- WORK TASK
The required copy runs from the first line of the material through the line containing "Joan Miró, interés por su obra en Asturias", exactly as written and without pictures.

- LISTED RECORDS

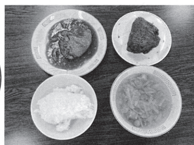
↑おいしくいただきました
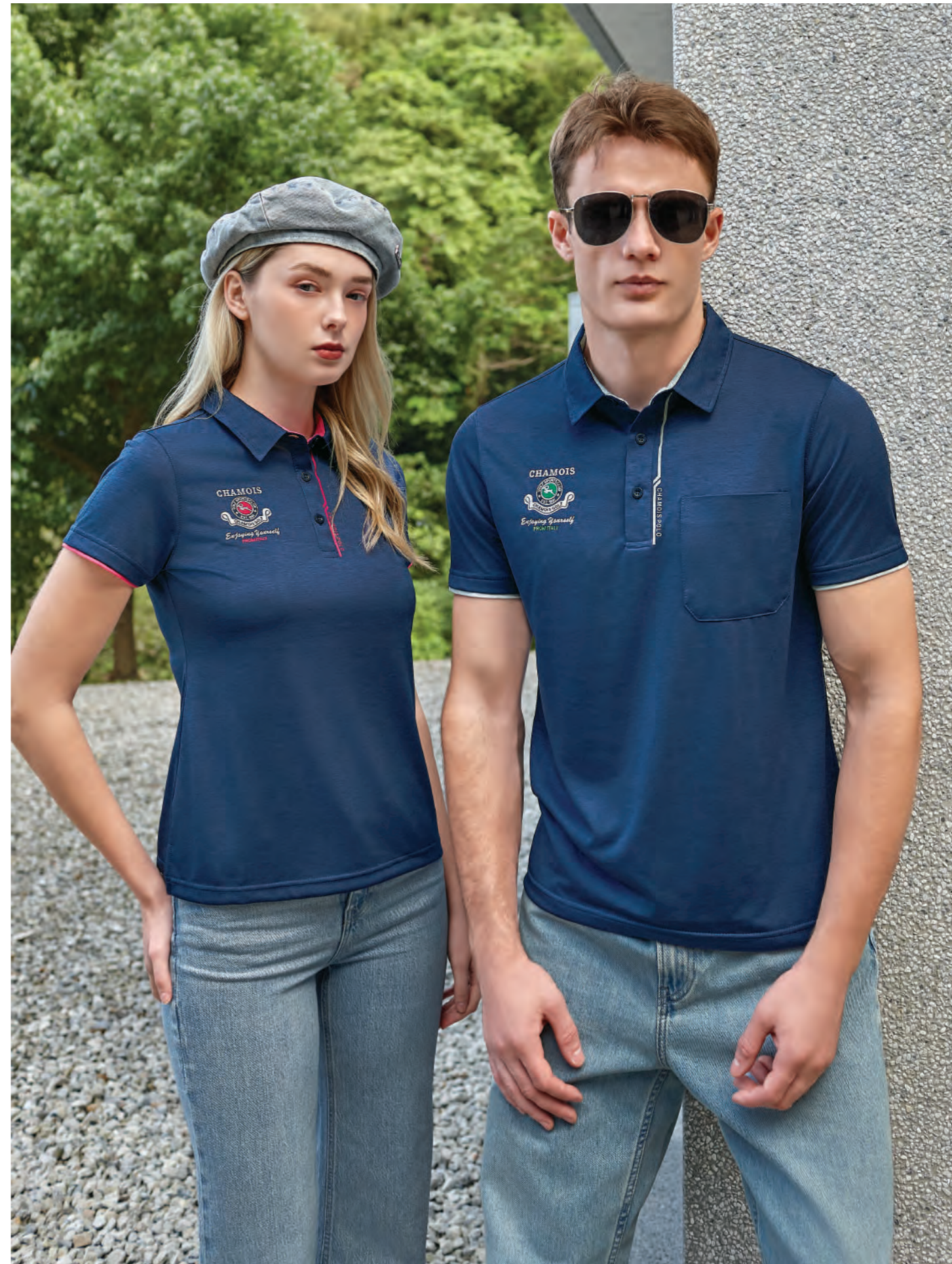
(左) 2905B 女版 | (右) 2905A 深藍 $2080 (未稅) - 100% POLYESTER 抗紫外線 吸濕排汗布
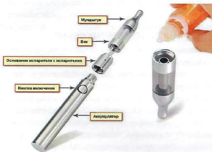
Рис. 3. Устройство электронной сигареты

Обычная электронная сигарета состоит из аккумулятора, электрического испарителя, емкости для жидкости, мундштука и дополнительных элементов для автоматического управления подачей ароматизированной жидкости (но последние имеются не во всех моделях), рис.3.
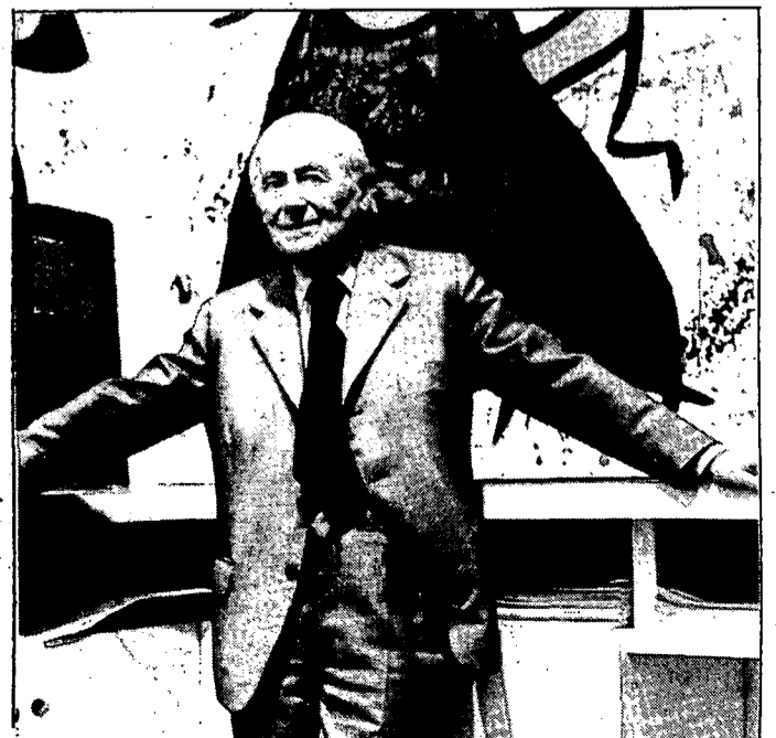
Joan Miró, interés por su obra en Asturias

La exposición de Miró, montada por la Caja de Ahorros de Asturias en colaboración con la Fundación Miró de Barcelona, constituyó el hecho cultural más destacado de la feria y fue, en cierto modo, una continuación del número monográfico que la revista "Los Cuadernos del Norte" dedicó recientemente al pintor.

- SOLUTION
↑おいしくいただきました
(左) 2905B 女版 | (右) 2905A 深藍 $2080 (未稅) - 100% POLYESTER 抗紫外線 吸濕排汗布
Рис. 3. Устройство электронной сигареты

Обычная электронная сигарета состоит из аккумулятора, электрического испарителя, емкости для жидкости, мундштука и дополнительных элементов для автоматического управления подачей ароматизированной жидкости (но последние имеются не во всех моделях), рис.3.
Joan Miró, interés por su obra en Asturias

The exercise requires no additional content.